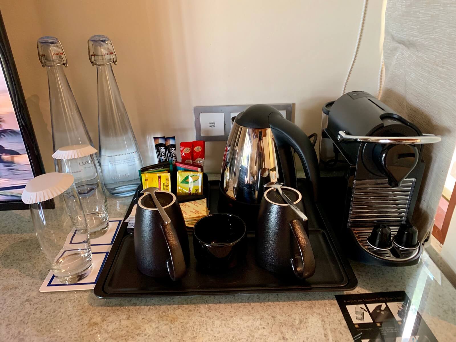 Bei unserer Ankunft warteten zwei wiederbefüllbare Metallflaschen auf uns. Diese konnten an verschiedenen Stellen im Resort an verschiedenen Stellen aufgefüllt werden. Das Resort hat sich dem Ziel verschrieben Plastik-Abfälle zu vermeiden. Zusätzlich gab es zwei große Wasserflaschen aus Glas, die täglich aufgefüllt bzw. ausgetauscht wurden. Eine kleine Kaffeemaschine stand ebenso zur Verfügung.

********

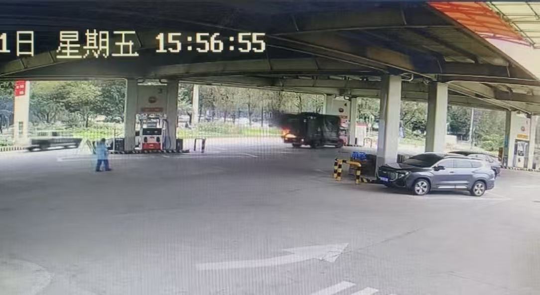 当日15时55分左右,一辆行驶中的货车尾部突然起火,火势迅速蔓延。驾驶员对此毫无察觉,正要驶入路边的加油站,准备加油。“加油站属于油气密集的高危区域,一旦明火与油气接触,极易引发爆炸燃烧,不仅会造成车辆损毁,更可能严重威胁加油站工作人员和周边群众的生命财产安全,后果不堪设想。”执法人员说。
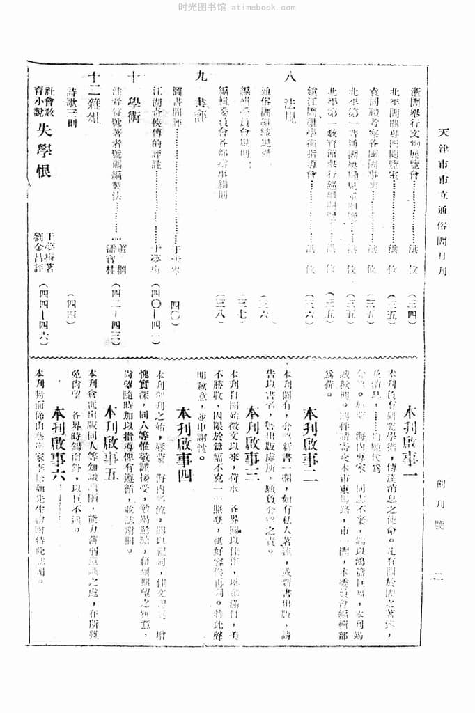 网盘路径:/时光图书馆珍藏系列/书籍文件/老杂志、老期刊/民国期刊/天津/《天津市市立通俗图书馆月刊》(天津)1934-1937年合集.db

********

Exercise: Your copy should hold the lines from the one with "当日15时55分左右,一辆行" up to and including the one with "网盘路径:/时光图书馆珍藏系", exactly as in the data above, and no pictures.

Answer for the task:
 当日15时55分左右,一辆行驶中的货车尾部突然起火,火势迅速蔓延。驾驶员对此毫无察觉,正要驶入路边的加油站,准备加油。“加油站属于油气密集的高危区域,一旦明火与油气接触,极易引发爆炸燃烧,不仅会造成车辆损毁,更可能严重威胁加油站工作人员和周边群众的生命财产安全,后果不堪设想。”执法人员说。
 网盘路径:/时光图书馆珍藏系列/书籍文件/老杂志、老期刊/民国期刊/天津/《天津市市立通俗图书馆月刊》(天津)1934-1937年合集.db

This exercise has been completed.